While expanding his own creative endeavours — which at that point was particularly inspired by videography from Japan, Germany and America — Yung also started campaigning for better arts infrastructure and representation. Chris Patten was governor at the time and he asked Yung and other members of the arts community whether they would support a public body that could fund the arts. “What we were very concerned about was whether we could have members to sit on the council who were from the community,” says Yung. “So we proposed to the government that we could have elected members to the council – and we succeeded.”


Freespace Tech Lab by Mathias Woo involves electronic music, lighting and novel uses of space. Photo courtesy Zuni Icosahedron.

Fast forward more than two decades and Zuni has fresh geopolitical challenges to confront, not the least of which is Hong Kong’s contentious relationship with mainland China. Yung’s latest project is a cultural forum that revolves around One Belt One Road, the Beijing-led economic initiative that seeks to expand China’s economic influence abroad. As part of the forum, Zuni will invite international artists to discuss the cultural — and not just economic — implications of this much-hyped scheme.

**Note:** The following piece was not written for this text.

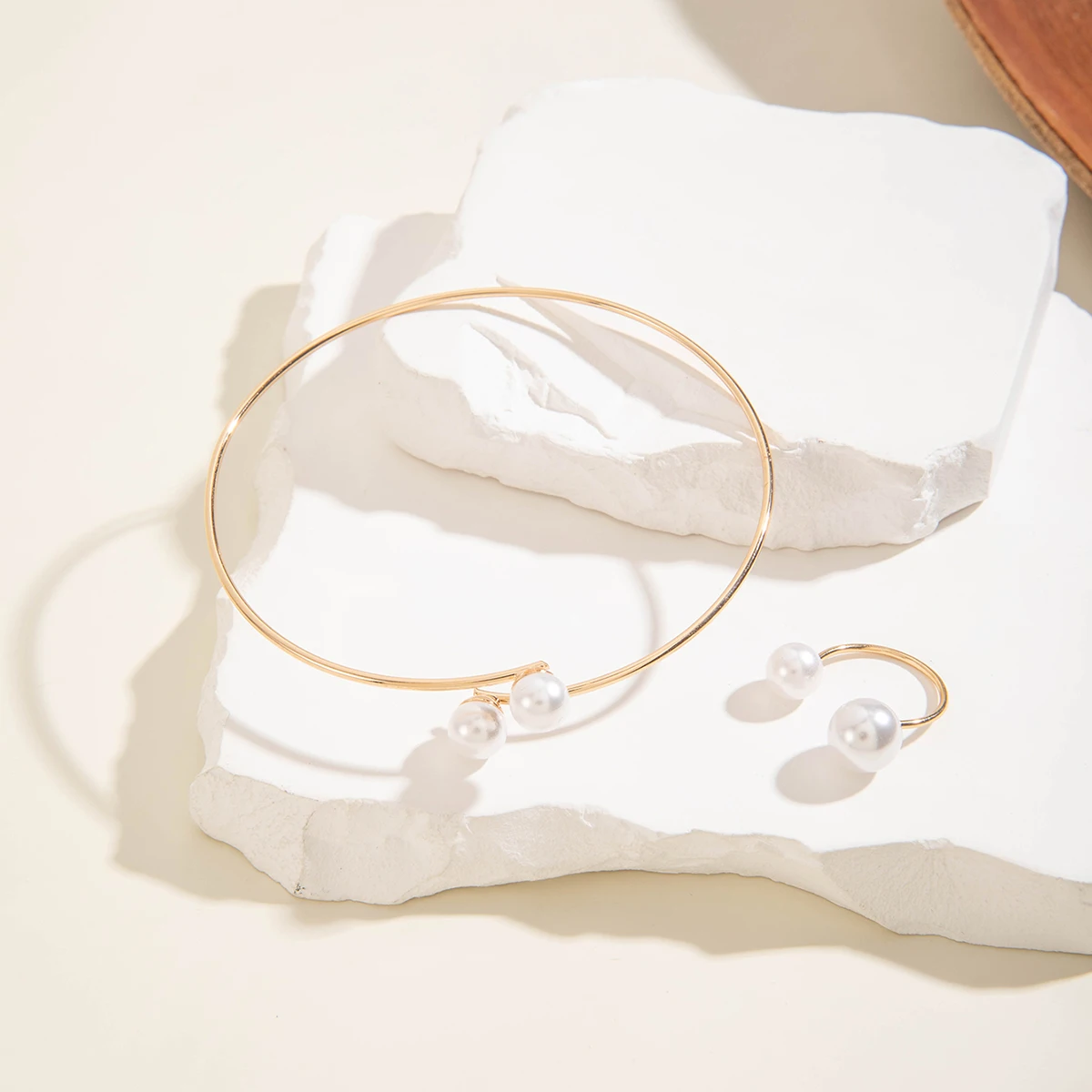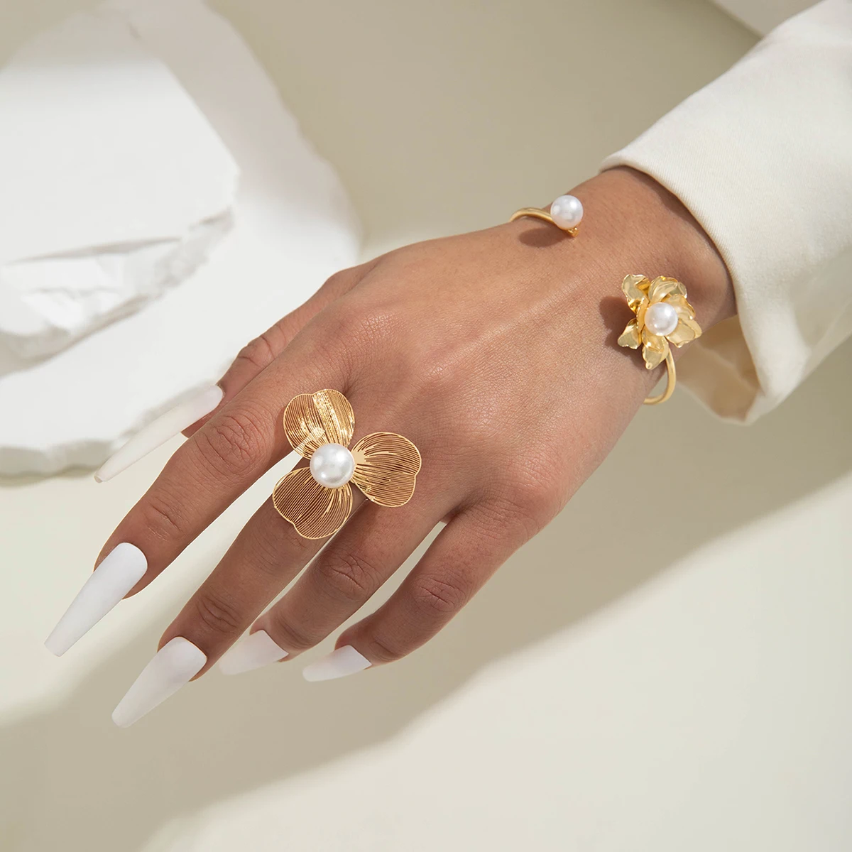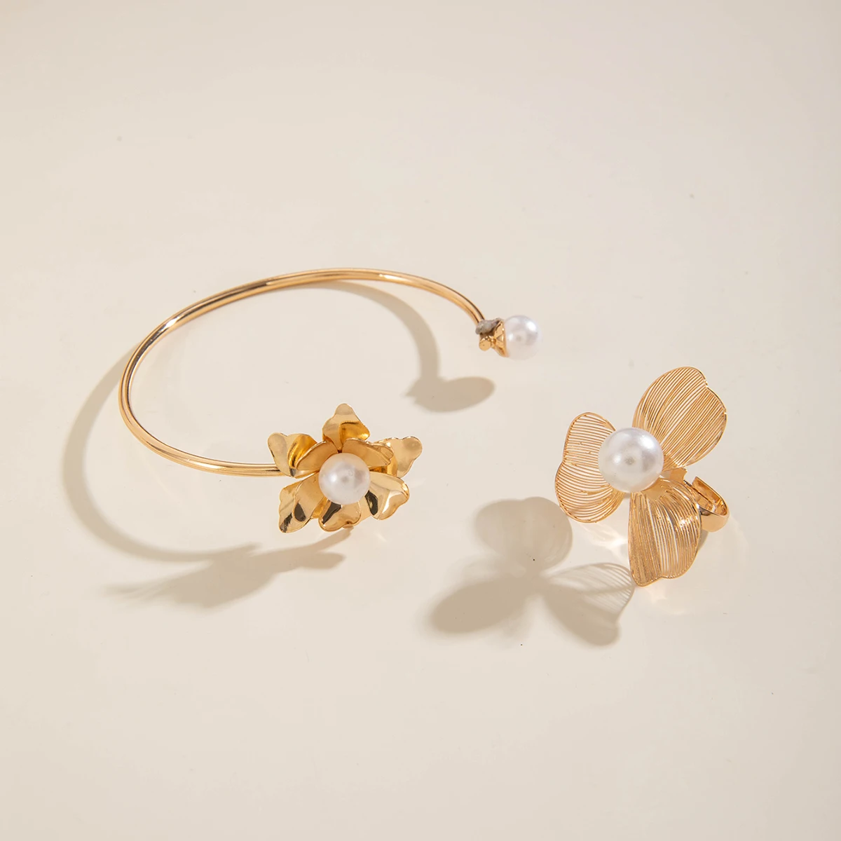 Fashiona Colored Rhinestone Butterfly Flower Imitation Pearl Irregular Ring Bracelet set Suitable for women

Like many theatre and performing arts stalwarts of his generation internationally, his interest in telling stories also means he is interested in using new technology to record them. In the 1990s and early 2000s, Yung was particularly curious about exploring video art, garnering international acclaim with a piece called “Video Circle” that involved drawing upon the I Ching, a Chinese divination text, while screening a series of short films on television sets, bringing together pieces from artists from across the region.

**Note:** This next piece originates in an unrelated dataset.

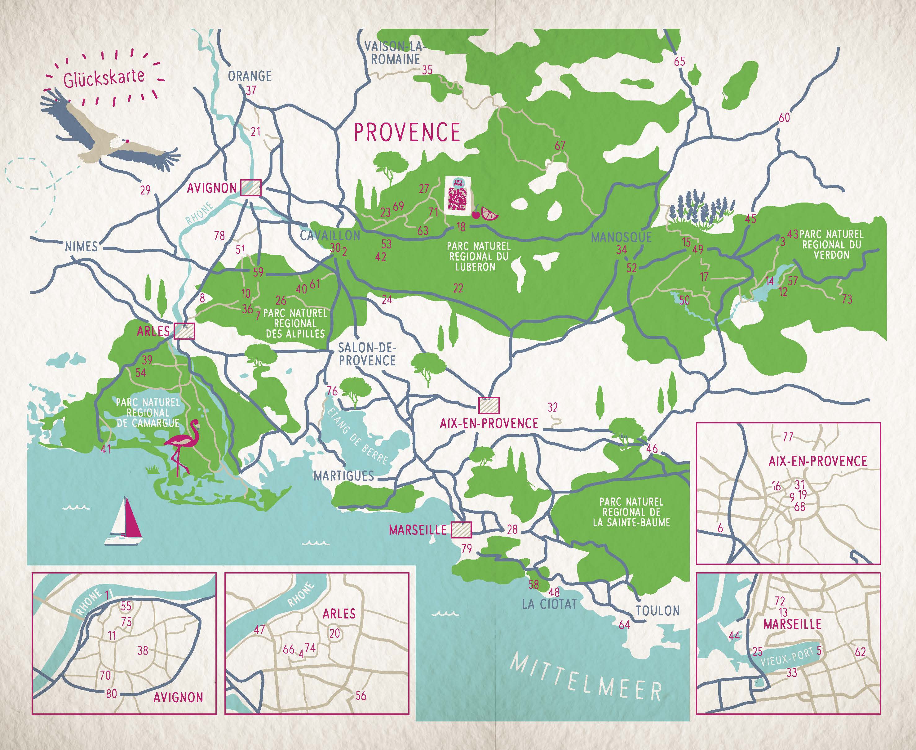 Lauschige Städte und trubelige Häfen, gewaltige römische Bauten, weite Lavendelfelder, knorrige Olivenbäume, idyllische Felsendörfer, tiefe Schluchten und smaragdgrüne Seen: Zauberhafte Orte finden sich in der Provence en masse - das wussten schon die berühmten Maler, die sich vom gleißenden Licht inspirieren ließen. Wenn der Himmel azurblau strahlt, die warme Luft sanft vibriert und der Duft von Kräutern und Pinien in der Nase kitzelt, hat man nur noch einen Wunsch: für immer zu bleiben.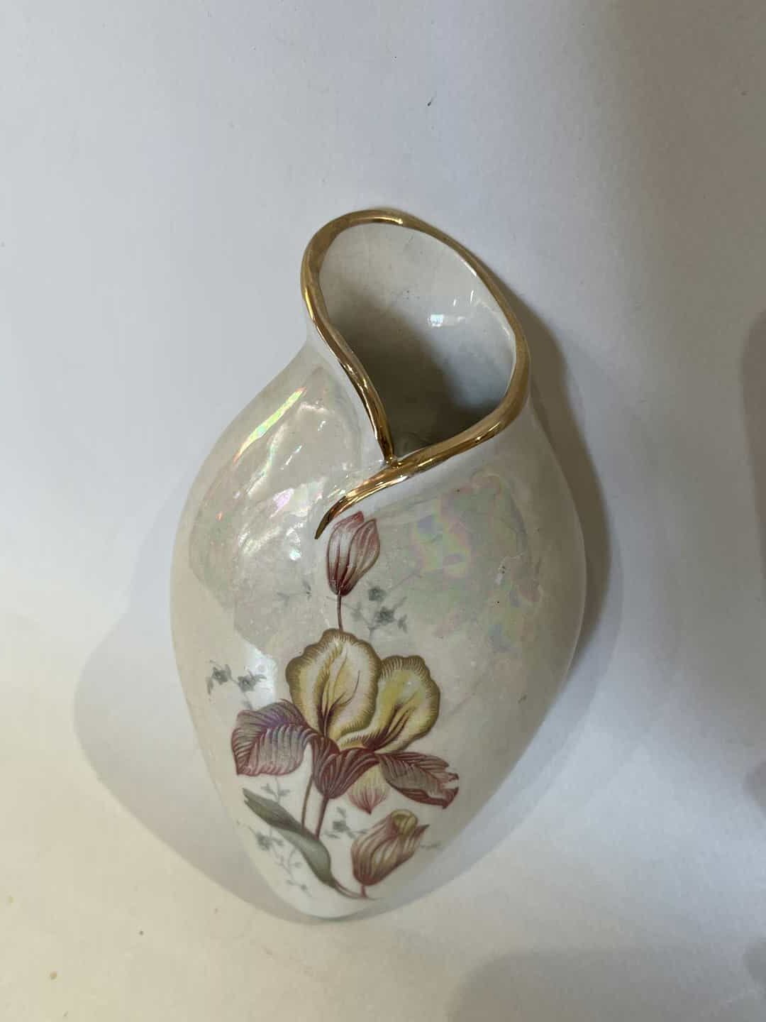 Vintage διακοσμητικό βάζο τοίχου με ιριδίζον τελείωμα και μοτίβο λουλουδιών 14x8x2,5

“Technology changes our environment and our way of thinking, our way of communicating, and I think of course sometimes the technology moves faster than we think,” says Yung. Zuni is trying to keep up: Zuni recently launched a new programme with the West Kowloon Cultural District that explores the crossover between stage performance and technology.  Spearheaded by Zuni’s co-artistic director, Mathias Woo who is also the creator, artistic director and spatial designer of Freespace Tech Lab, turns the Studio Theatre of Hong Kong Cultural Centre into a mirror-clad theater space equipped with various advanced technological equipment. The project explores different areas in theatre production including sound, light and space.

As always, a key thread that runs throughout this is bringing together diverging disciplines and people. For Yung, creative crossover is where the magic happens. “When you do exchange it’s almost like looking at a mirror,” he says. “Because only in the mirror [do] you see what’s behind your head.”